- **DIRECTIONS**
Everything from the line with "图为湖北工业大学党委书记彭育园做客新华访谈。新华网 连迅 摄" through the last line of the data below should be copied exactly, apart from the pictures.

- **RECORD EXTRACTS**
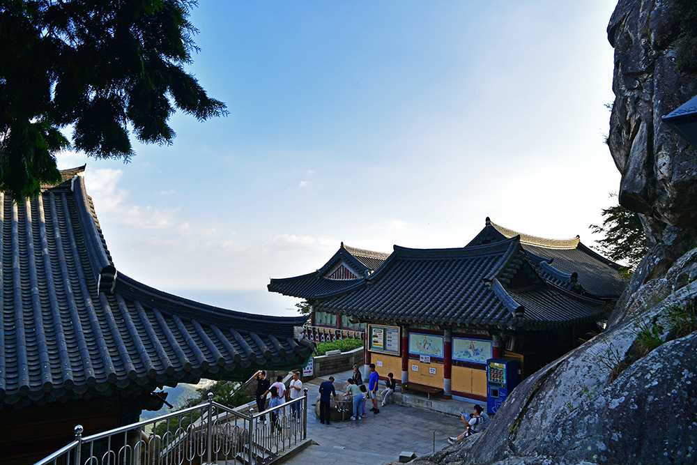바위쪽으로 암벽 위에 세워진 극락전이 보입니다. 아슬아슬한 모습이 마치 중국의 어느 절 같다는 생각도 듭니다. 극락전 처마 아래에서 바라보는 남해 바다의 모습이 정말 멋집니다. ㅎ
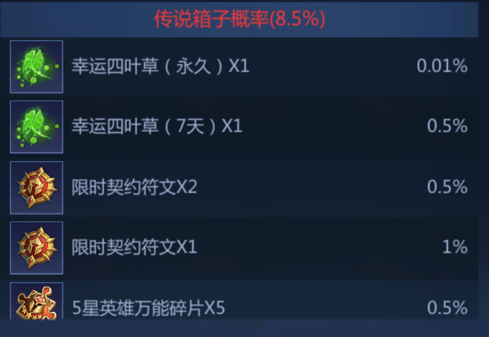 4.宝箱刷新的概率及开启后获得的奖励概率如下:
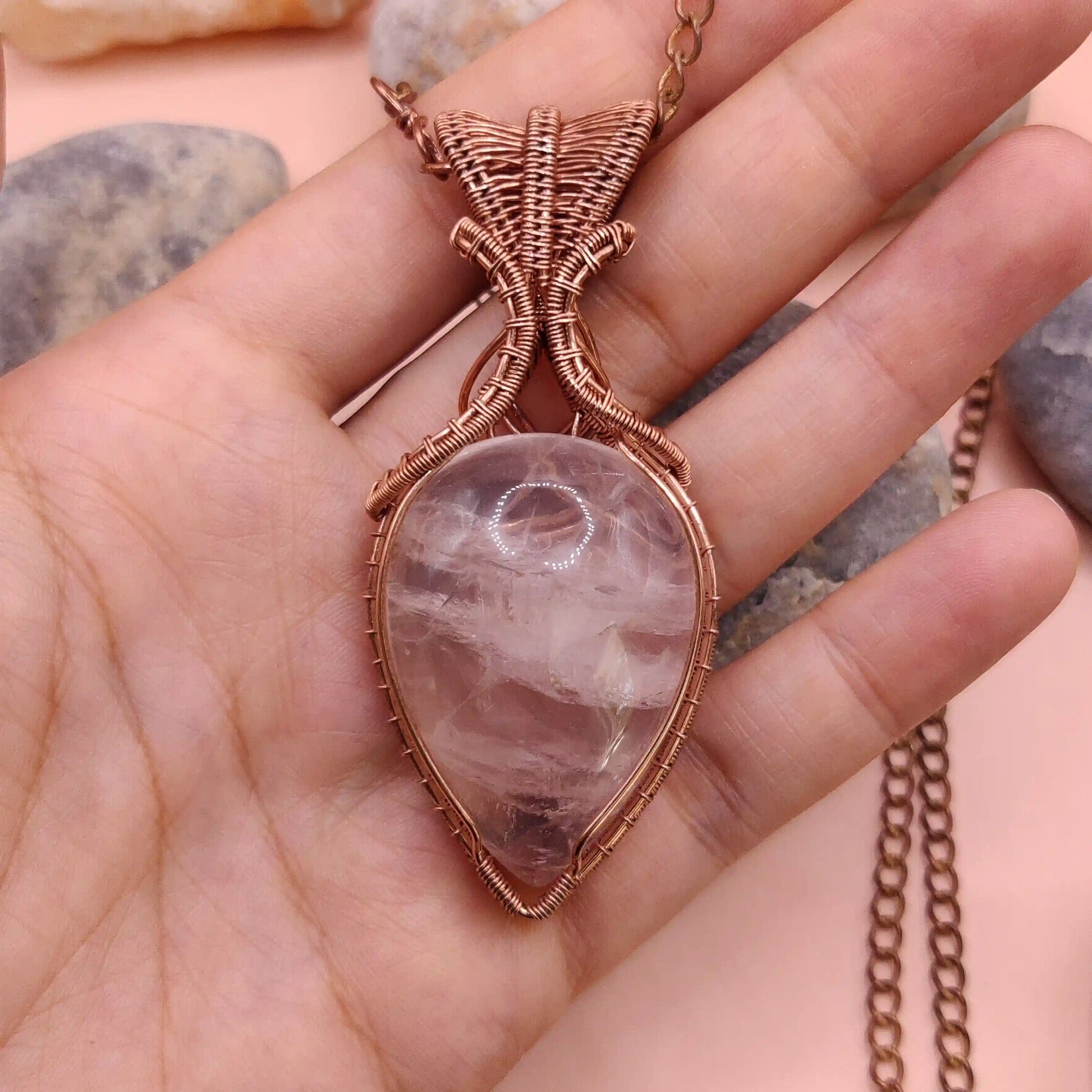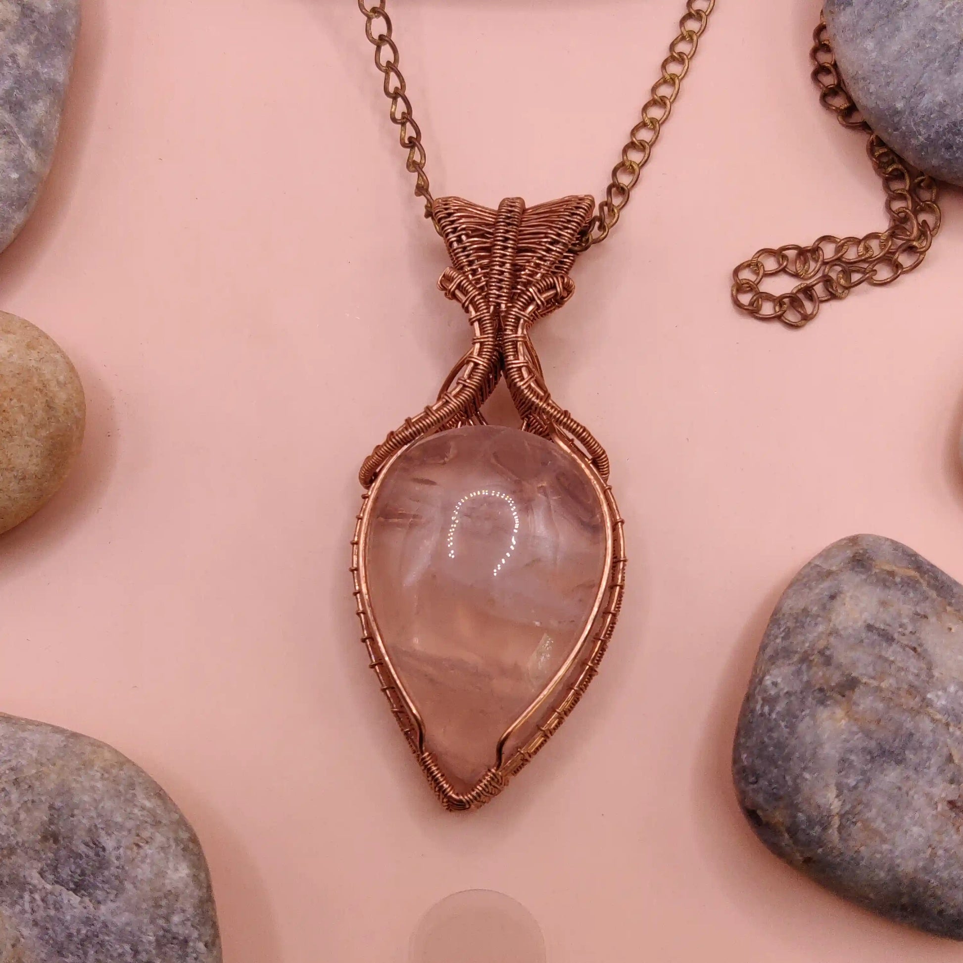 This delicate yet powerful necklace features a beautiful natural Rose Quartz gemstone, known for its gentle pink hue and serene energy. Set in warm copper with a clean, elegant finish, the pendant hangs from a simple matching chain—making it perfect for everyday wear or sacred ritual. Soft in its appearance yet deeply healing in its vibration, this piece is a quiet but constant companion on your journey toward self-love, emotional clarity, and heart-centered living.
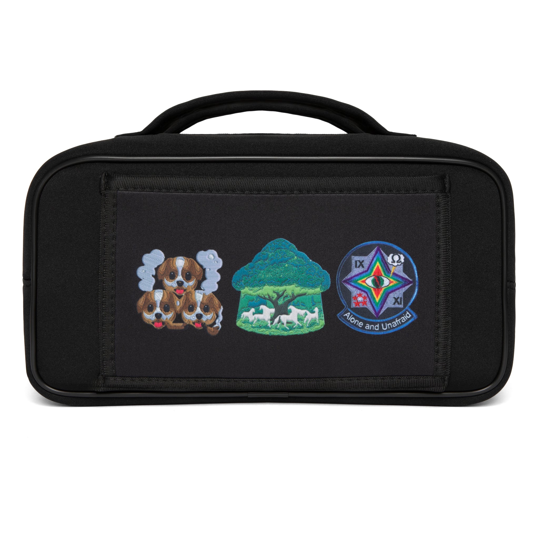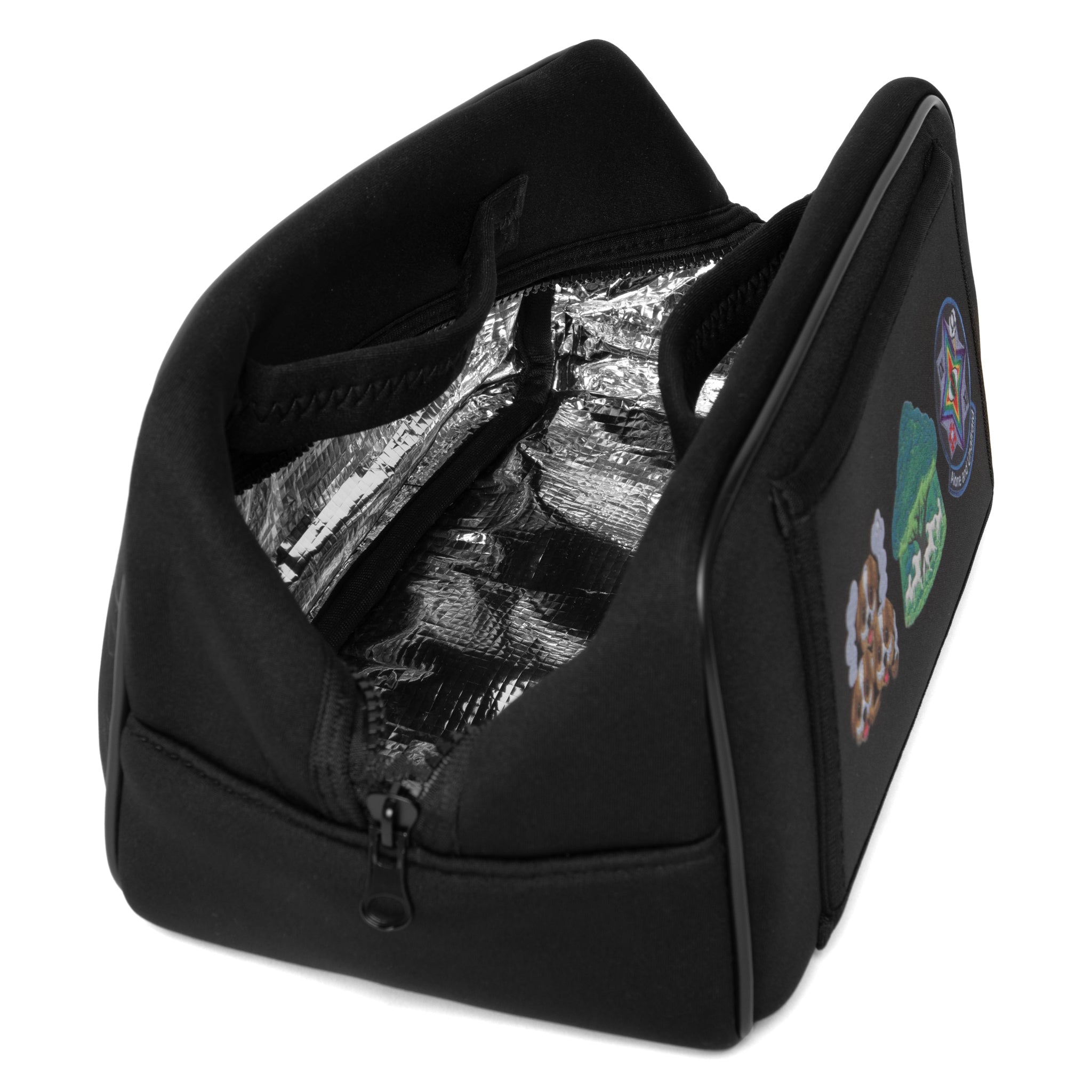 (L) 11" x (W) 6" x (H) 6"Neoprene construction with structured base and sidewall, plus piping for added structureMain zip compartment with patch pocket at rear (7.25" x 4.75")Thermal foil lining helps insulate and protect heat-sensitive contentsDual carry handles at topCustom digitally printed graphics at front and rear
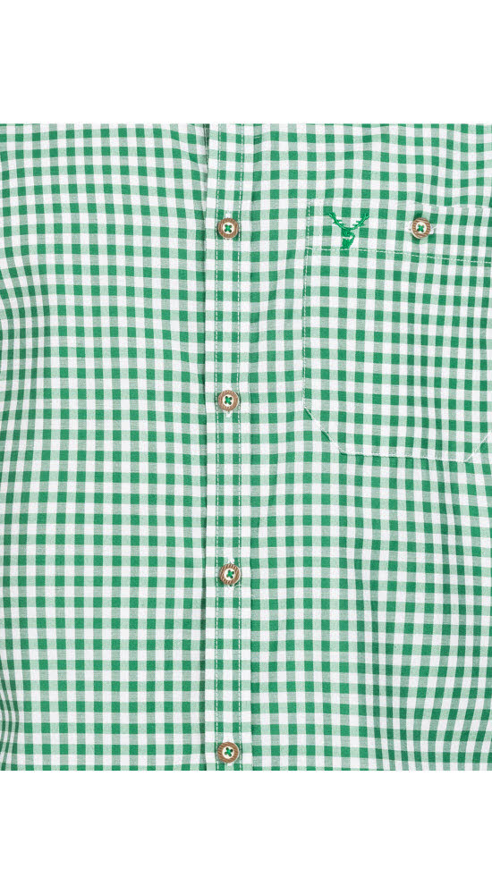 Das Trachtenhemd Sepp im traditionellen Karomuster ist der perfekte Begleiter für laue Kirwaabende. Es ist in den Farben Grün und Weiß gehalten. Vorne links ist eine Brusttasche angebracht, welche mit einer perfekt farblich dazu passende Hirschstickerei verziert ist. Das Hemd wird mit Knöpfen in Hirschhornoptik verschlossen.
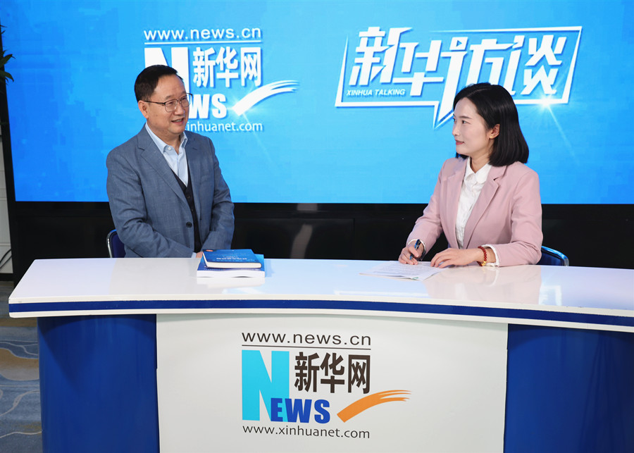 图为湖北工业大学党委书记彭育园做客新华访谈。新华网 连迅 摄
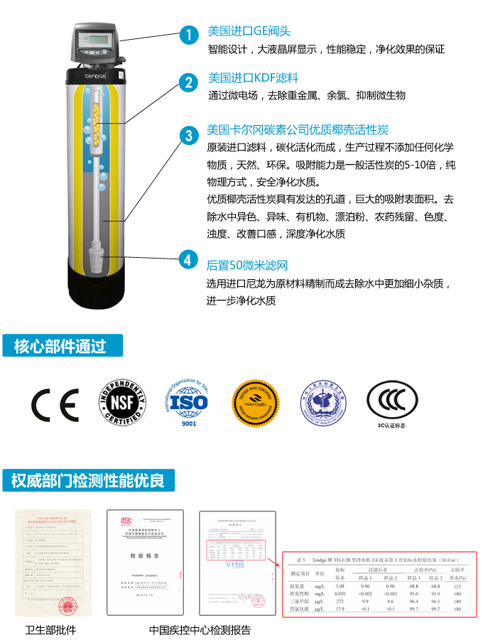 恬凈中央凈水機有效去除水中的異色、異味;進一步濾除水中微小雜質(zhì)、膠狀體;去除水中的漂白粉余氯、農(nóng)藥、重金屬;保留對人體有益的礦物質(zhì)。使水變得碧清、碧藍,去除對人體有害的物質(zhì)。
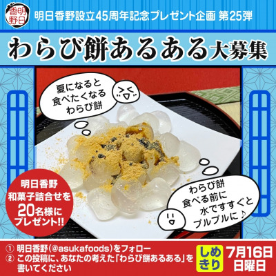 2023年6月30日より、45周年キャンペーンの第25弾「わらび餅あるある大募集」を開始しました。
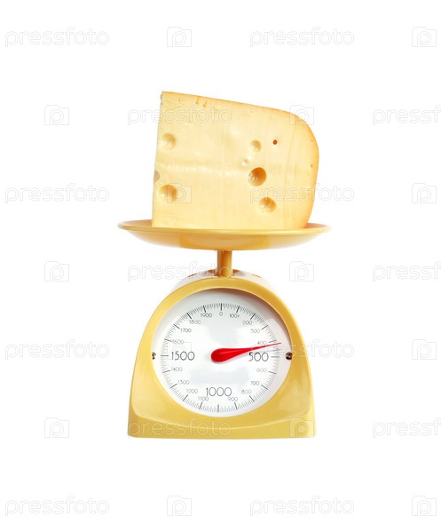 Кусок сыра на кухонных весах
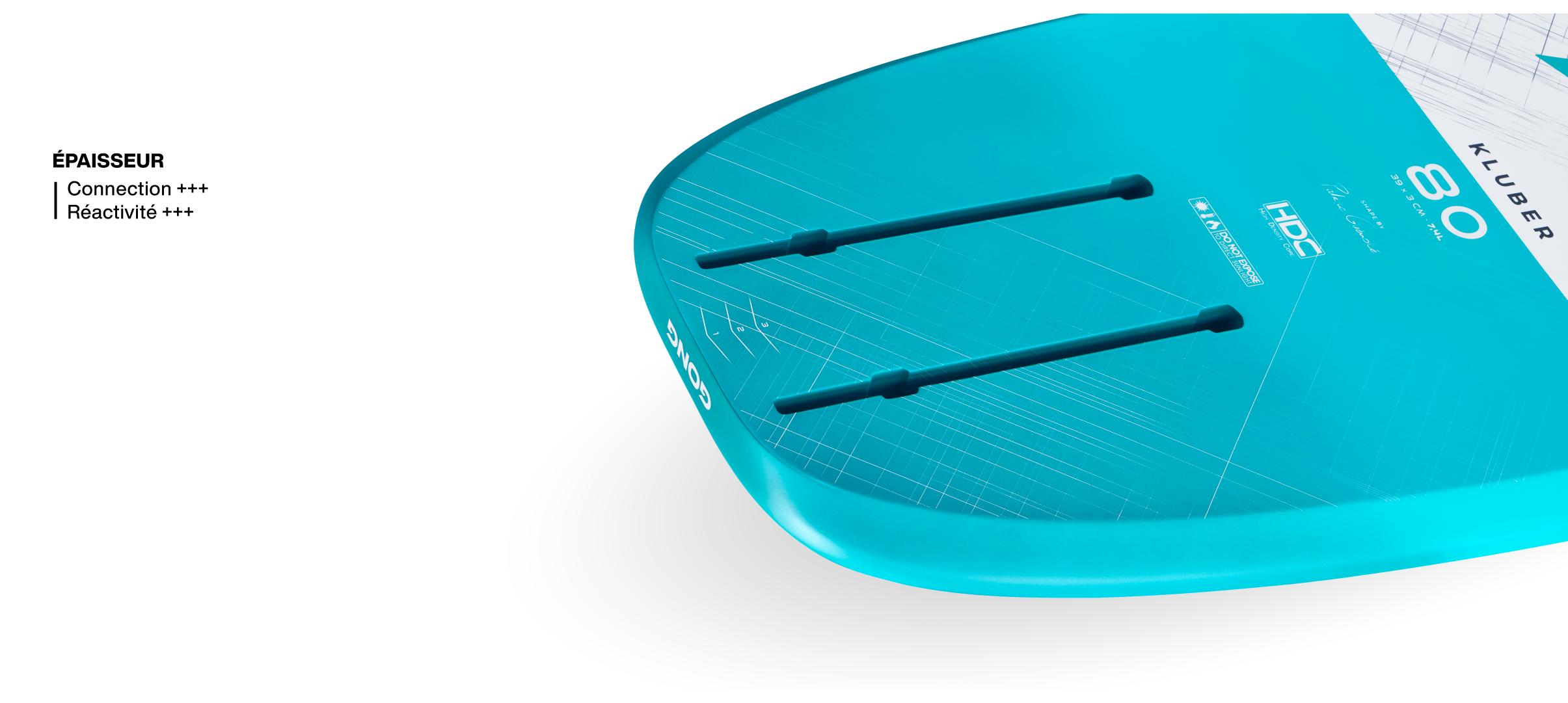 Avec un rocker très tendu, le pumping est plus efficace et offre une assiette parfaite pour faciliter et optimiser chaque appui, pied avant bien à plat sur le deck. Il permet également l’utilisation de toute la longueur de la Kluber en fonction de son gabarit et de son stance.

- **SOLUTION TO THIS TASK**
 图为湖北工业大学党委书记彭育园做客新华访谈。新华网 连迅 摄
 恬凈中央凈水機有效去除水中的異色、異味;進一步濾除水中微小雜質(zhì)、膠狀體;去除水中的漂白粉余氯、農(nóng)藥、重金屬;保留對人體有益的礦物質(zhì)。使水變得碧清、碧藍,去除對人體有害的物質(zhì)。
 2023年6月30日より、45周年キャンペーンの第25弾「わらび餅あるある大募集」を開始しました。
 Кусок сыра на кухонных весах
 Avec un rocker très tendu, le pumping est plus efficace et offre une assiette parfaite pour faciliter et optimiser chaque appui, pied avant bien à plat sur le deck. Il permet également l’utilisation de toute la longueur de la Kluber en fonction de son gabarit et de son stance.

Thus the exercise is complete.